The satiety effects of the brain-gut peptide cholecystokinin (CCK) are mediated mainly through CCK-1 receptors. In addition to other detected, but have not yet specifically determined genetic changes, the Otsuka Long Evans Tokushima Fatty (OLETF) rats lack functional CCK-1 receptors due to spontaneous deletion of the CCK-1 receptor gene (Takiguchi et al., 1997; Yamada et al., 2012). As a consequence, OLETF rats have deficits in the control of meal size, they display hyperphagia and become obese, and, with aging, gradually develop type-2 diabetes mellitus through the life span of the animal with a distinct and long prediabetic stage (Kawano et al., 1992; Moran, 2000).

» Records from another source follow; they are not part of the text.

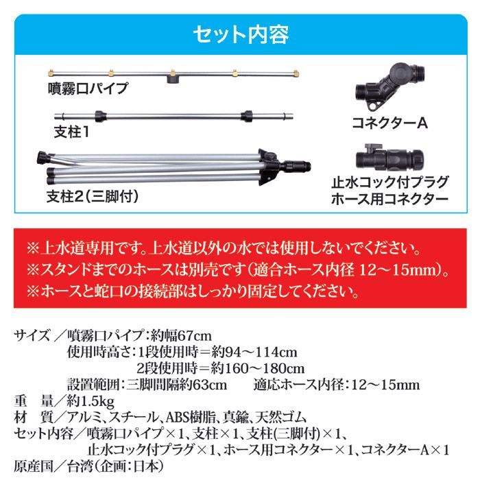 噴霧口パイプ:約幅67cm/使用時高さ:1段使用時=約94〜114cm 2段使用時=約160〜180cm/設置範囲:三脚間隔約63cm/適応ホース内径:12〜15mm
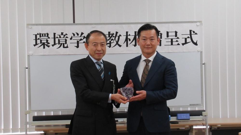 また、今回の環境学習教材を選定するにあたり、東北大学大学院環境科学研究科の大庭先生にもご尽力いただきました。贈呈式の中では鉱物についての説明と、たまきさんサロンに遊びに来るこどもたちへ地学や温暖化対策など少しでも興味を持って欲しいという想いをお話しくださいました。
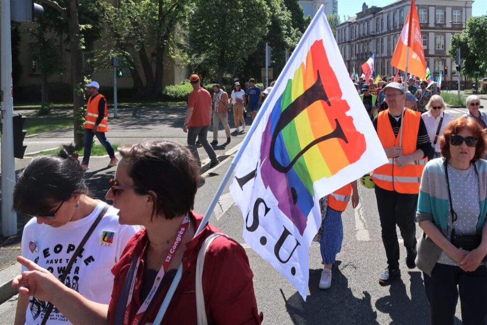 À Mulhouse, la manifestation s’est élancée depuis la place de la Bourse vers 11h, menée par la CGT, avec les cheminots du technicentre TER, actuellement en grève et en négociation, qui ouvraient le cortège. Cette édition 2025 a marqué un regain de participation, avec près de 2 000 personnes, soit plus du double de l’année précédente.
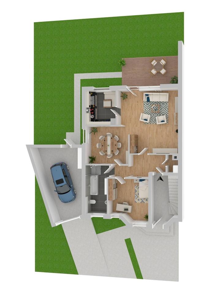 Mit geringem Aufwand kann die Haushälfte auch als Einfamilienhaus genutzt werden.

During the prediabetic stage of OLETF rats, different regulatory deficits have been elucidated behind overeating. In addition to loss of short-term satiety signal due to the absence of vagal CCK-1 receptor signaling, increased orosensory stimulation associated with dopaminergic deficits were reported. At the age of 10 weeks, OLETF rats differ from Long Evans Tokushima Otsuka (LETO) controls in their gustatory function with an overall augmented sensitivity for sweet taste that progresses during prediabetes (De Jonghe et al., 2005; Hajnal et al., 2005). A functional relationship was found between alteration of synaptic dopamine regulation in the nucleus accumbens (NACC) of the OLETF rats and a differential sensitivity to dopamine receptor antagonists and agonists on preference and operant behavior for sucrose solution (Anderzhanova et al., 2007; Hajnal et al., 2007a,b).

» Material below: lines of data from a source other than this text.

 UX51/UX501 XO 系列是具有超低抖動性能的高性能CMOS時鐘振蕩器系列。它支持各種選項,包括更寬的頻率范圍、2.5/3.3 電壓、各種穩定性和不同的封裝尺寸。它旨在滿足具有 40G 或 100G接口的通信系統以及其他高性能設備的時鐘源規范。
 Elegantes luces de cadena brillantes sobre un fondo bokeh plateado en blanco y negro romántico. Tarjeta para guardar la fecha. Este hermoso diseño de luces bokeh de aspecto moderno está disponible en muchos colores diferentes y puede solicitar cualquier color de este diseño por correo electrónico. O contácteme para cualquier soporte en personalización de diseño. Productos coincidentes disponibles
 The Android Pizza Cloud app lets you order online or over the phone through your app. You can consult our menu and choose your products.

Another deficit reported as the consequence of lack of CCK-1 receptor is the altered expression of neuropeptides in hypothalamic nuclei. When animals were fed ad libitum, decreased NPY expression was observed in the arcuate nucleus (ARC) and the dorsomedial hypothalamus (DMH) in adult OLETF rats (Bi et al., 2007; Moran and Bi, 2006). In contrast, in pair-fed rats, NPY was overexpressed in the DMH. During the first 10 weeks, when obesity develops in OLETF, expression of NPY in the ARC and DMH reveals notable age-dependent change (Schroeder et al., 2009). Similar age-related changes were detected in the mRNA expression of the anorexigenic peptide proopiomelanocortin (POMC) in the ARC when young animals start to gain fat (Schroeder et al., 2009).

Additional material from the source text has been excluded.